- _Your assignment_: Output only the entries, exactly as given, without the pictures.

(Extracted material begins)

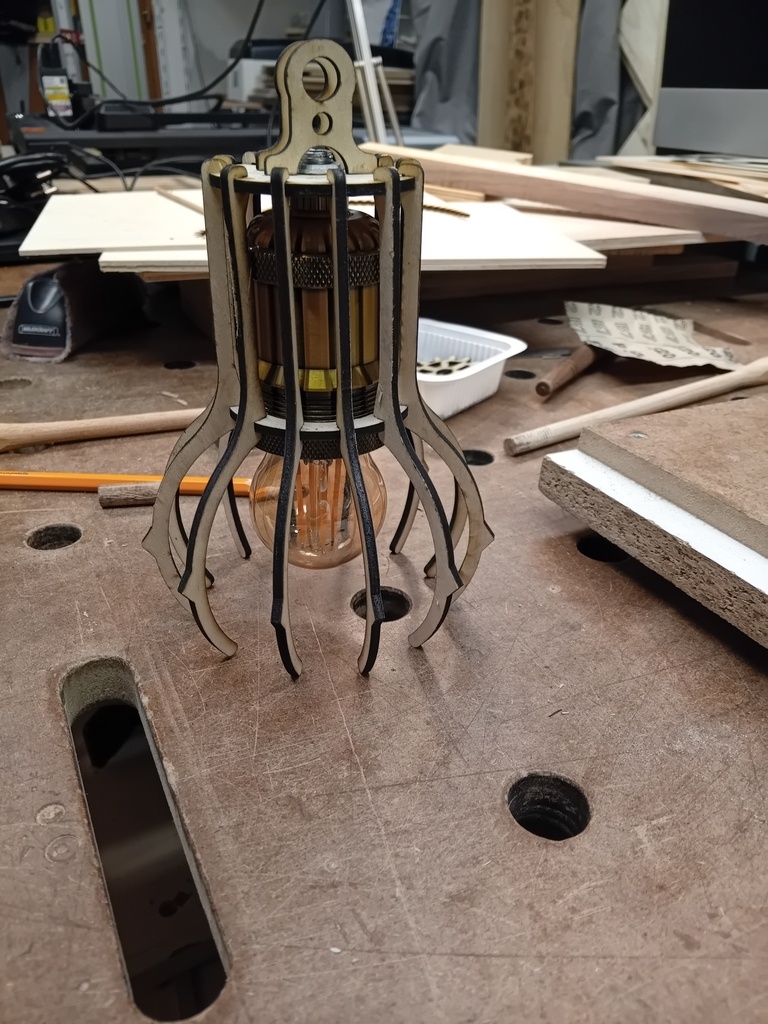 J'ai déjà eu pas mal de souci sur la découpe de CP, notamment du CP de pin ou systématiquement j'avais la dernière couche qui faisait de la résistance. Et il se trouve que dans l épaisseur voulu j'avais rien d'autre et pas envie de commander. Ceci dit c'est une lampe, donc y'a pas non plus des efforts de dingues dessus donc ça devrait tenir... enfin j'espère
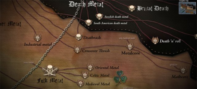 Bene è un onore per me presentarvi questo sito. E’ una… BOMBA per tutti gli amanti del metal. The map of Metal è un ottima tentativo per delineare e mettere un po di ordine in questo genere vasto come l’oceano. Con tanto di Hall of Fame per ogni singolo genere e sottogenere. Come funziona? è semplicissimo:
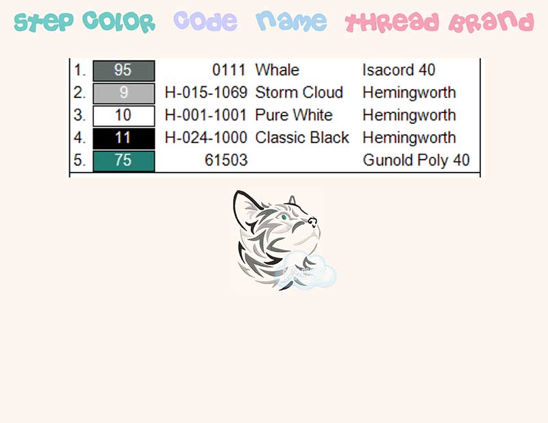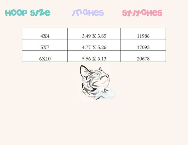 The design comes in the following formats: PES, DST, EXP, HUS, JEF, VIP, VP3, XXX
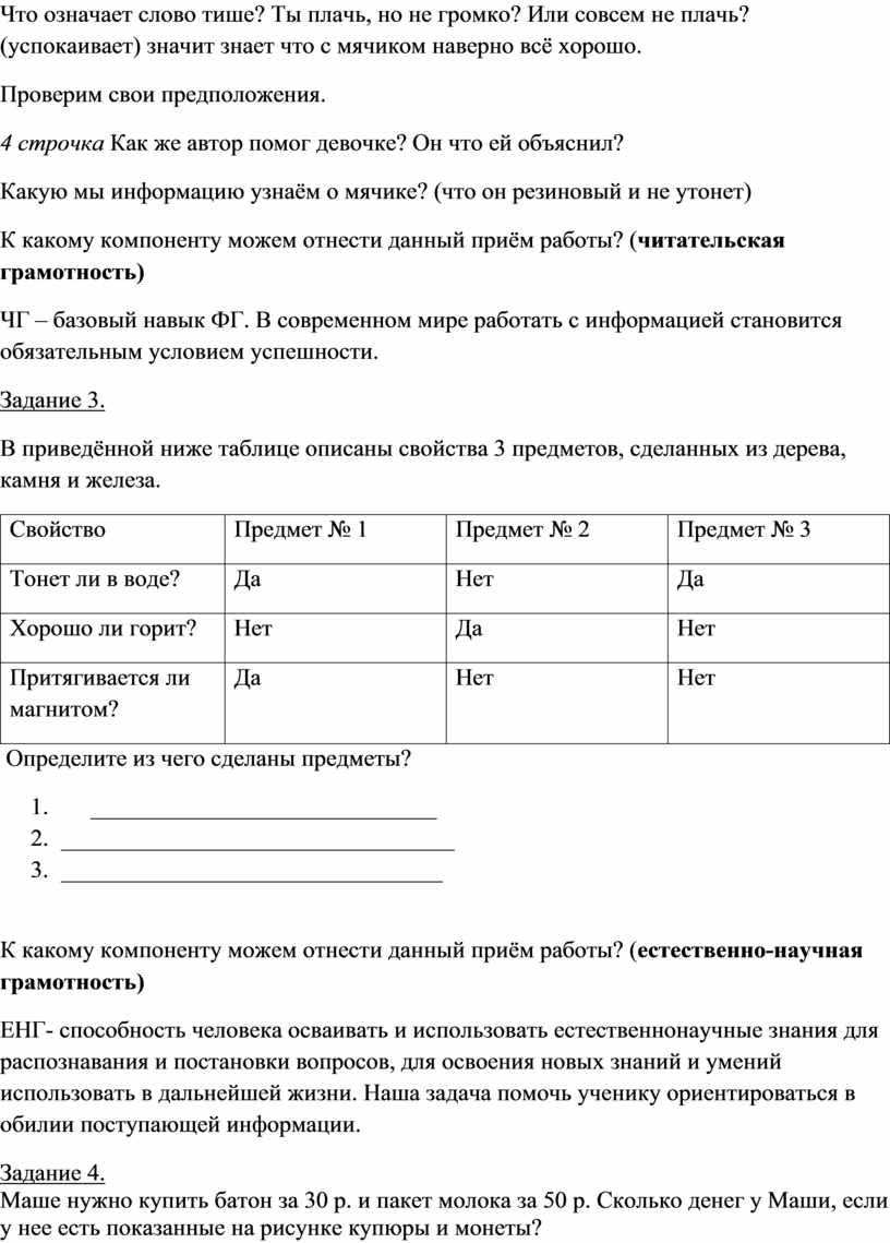 К какому компоненту можем отнести данный приём работы? (естественно-научная грамотность)
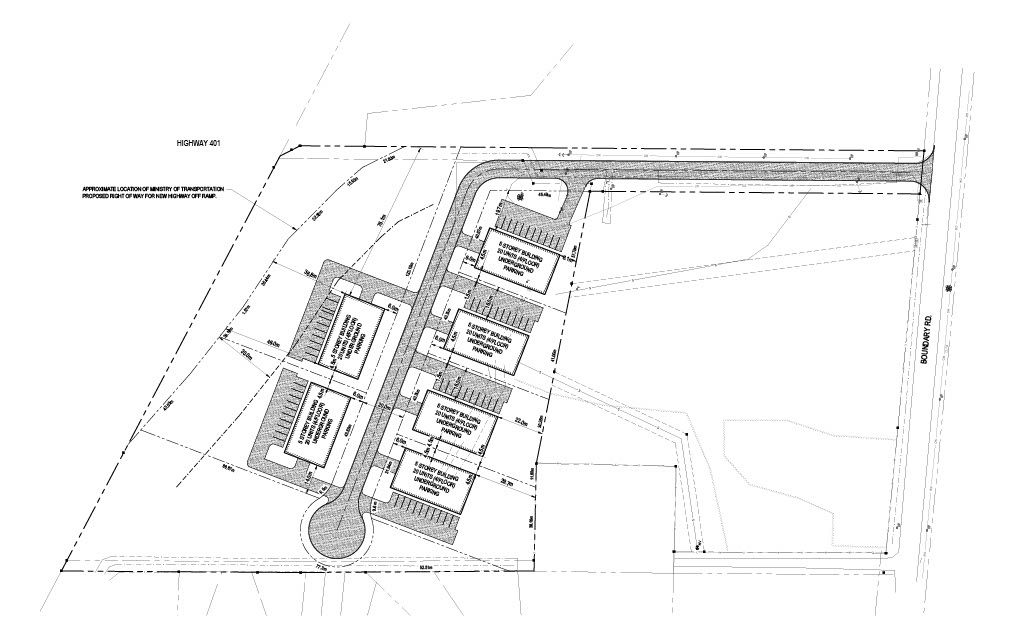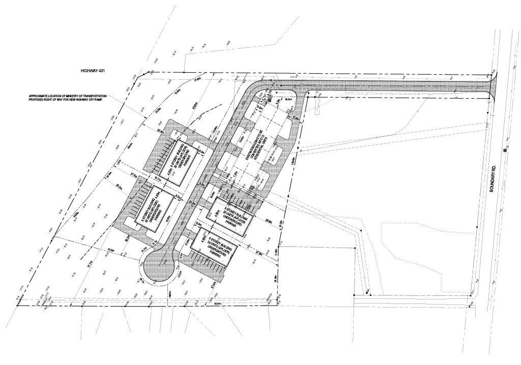 The subject property is a 3. 84 ha site at 405 tollgate rd. Just west of mcconnell ave at the hwy 401 interchange. Zoning is res 20. The proposal as prepared calls for the construction of 4 x 20 unit residential apartments buildings each with underground parking and the redevelopment of an existing building to be converted to house an additional 12 residential row house units. The proposal calls for the site to be fully serviced. Included with the offering are the concept plans, together with a preliminary site plan development proposal prepared by evb engineering and grant marion construction that includes, topographic mapping, preliminary site servicing requirements, run off and storm water storage requirements, an earlier class d site servicing cost and a list of municipal planning requirements is available. Currently there is a large storage building on site that is shown as being retrofitted for residential purposes. This light warehouse/office building is currently used for storage and office use. It is complete with washrooms and is heated and partially air-conditioned. There is a smaller frame building that is attached to the warehouse on site.

(Extracted material ends)

- _Answer to the exercise_:
 J'ai déjà eu pas mal de souci sur la découpe de CP, notamment du CP de pin ou systématiquement j'avais la dernière couche qui faisait de la résistance. Et il se trouve que dans l épaisseur voulu j'avais rien d'autre et pas envie de commander. Ceci dit c'est une lampe, donc y'a pas non plus des efforts de dingues dessus donc ça devrait tenir... enfin j'espère
 Bene è un onore per me presentarvi questo sito. E’ una… BOMBA per tutti gli amanti del metal. The map of Metal è un ottima tentativo per delineare e mettere un po di ordine in questo genere vasto come l’oceano. Con tanto di Hall of Fame per ogni singolo genere e sottogenere. Come funziona? è semplicissimo:
 The design comes in the following formats: PES, DST, EXP, HUS, JEF, VIP, VP3, XXX
 К какому компоненту можем отнести данный приём работы? (естественно-научная грамотность)
 The subject property is a 3. 84 ha site at 405 tollgate rd. Just west of mcconnell ave at the hwy 401 interchange. Zoning is res 20. The proposal as prepared calls for the construction of 4 x 20 unit residential apartments buildings each with underground parking and the redevelopment of an existing building to be converted to house an additional 12 residential row house units. The proposal calls for the site to be fully serviced. Included with the offering are the concept plans, together with a preliminary site plan development proposal prepared by evb engineering and grant marion construction that includes, topographic mapping, preliminary site servicing requirements, run off and storm water storage requirements, an earlier class d site servicing cost and a list of municipal planning requirements is available. Currently there is a large storage building on site that is shown as being retrofitted for residential purposes. This light warehouse/office building is currently used for storage and office use. It is complete with washrooms and is heated and partially air-conditioned. There is a smaller frame building that is attached to the warehouse on site.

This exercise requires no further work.